Insieme da dieci anni gli Oblivion hanno centinaia di date al loro attivo (sono più di 110 le repliche solo nella scorsa stagione), e  sono sempre richiestissimi da tutti i teatri italiani per la loro personalissima comicità che mixa la tradizione comica italiana e una preparazione tecnica vocale di indiscutibile qualità. In  “Othello, la H è muta” in cui gli Oblivion – ovvero Graziana Borciani, Davide Calabrese, Francesca Folloni, Lorenzo Scuda e Fabio Vagnarelli – demoliscono a colpi di grottesca ironia sia l’Othello di Shakespeare che l’Otello di Verdi in uno show in cui, oltre a cantare, recitano e si dirigono, con musiche tutte dal vivo e un soggetto unico. Al loro fianco sul palco, il maestro Denis Biancucci, sesta entità di questo delirio teatrale, che li accompagna al pianoforte e ingaggia con loro anche un esilarante match a colpi musicali. La consulenza registica è di un grande nome del teatro italiano: Giorgio Gallione.

Le vicende di Otello, Desdemona, Cassio e Iago vengono rivisitate passando per Elio e le Storie Tese, Gianna Nannini, Lucio Battisti, Rettore, i classici Disney, l’Ave Maria (quella di Schubert ma non solo…), Little Tony, Pupo e molti altri.
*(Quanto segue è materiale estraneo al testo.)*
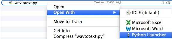 -En la carpeta LaserCutRecord, Ctrl + haga clic en wavtotxt.py y abrir con... Lanzador de Python.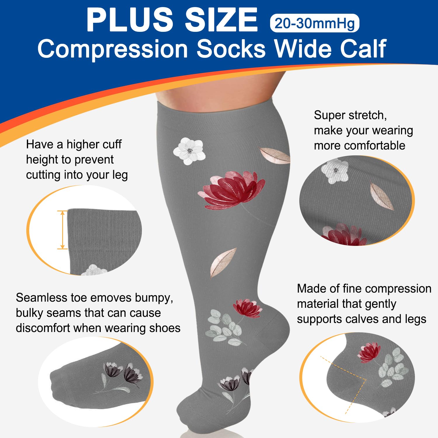 đăCOMPRESSION THERAPY PROMOTES HEALTHă- Our 20-30mmHg Plus Size compression socks with graduated pressure effectively promote smooth flow of blood vessels from the distal end to the proximal end. More improve blood circulation and oxygen flow means more healthier legs and less pain and swelling. It is recommended for legs cure like varicose veins, shin splints, lipedema, blood flow, calf cramps, leg pain or leg fatigue.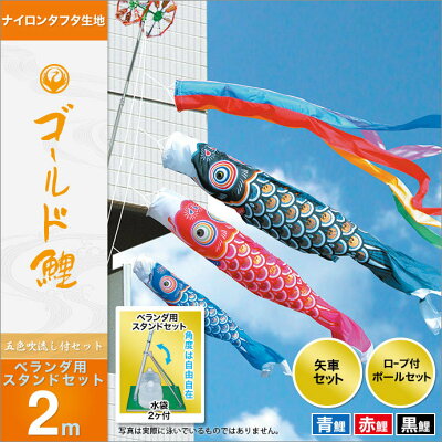 【鯉のぼり】徳永鯉のぼり ベランダ用 セット各種(矢車・ポール付) 鯉のぼり 2m 「ゴールド鯉 ベランダ用スタンドセット(水袋)」(ベランダ用・スタンドタイプ)(ナイロンタフタ生地使用)五月五日の端午の節句に、鯉が急流の滝を登ると龍となって出世するという「登龍門伝説」のように、男児の立身出世を願うために鯉のぼりを揚げてお祝いします。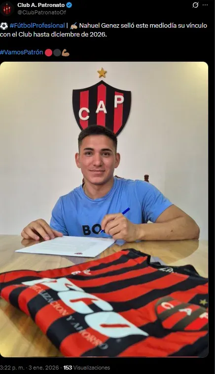 La cuenta oficial de Patronato acaba de confirmar que se llevó cedido por un año a Nahuel Genez, de último paso por Temperley. El lateral izquierdo, devenido a volante durante la última temporada en el Gasolero, pasó al equipo paranaense hasta diciembre de 2026.

Nello stesso modo anche le arie di Verdi vengono riviste e mixate con il coro della Champions League, con Freddy Mercury, con l’Hully Gully, mentre i testi di Shakespeare vengono riscritti in stile Ligabue, Vasco Rossi, Dario Fo. (Biglietti da 13 a 25 euro – Info 0584 265757 – www.laversilianafestival.it)

“Othello, la H è muta” diventa uno spasso nel quale la parodia, genere teatrale del quale gli Oblivion sono maestri, non riguarda solo le vicende, ma si estende alle note di Verdi e alle parole di Boito e Shakespeare. Un esperimento ardito che i cinque artisti affrontano con totale naturalezza.

Varietà di linguaggi, “esercizi di stile” e tante citazioni pop per uno show che non mancherà di divertire e conquistare ogni tipo di pubblico teatrale, dal più esigente al più scanzonato.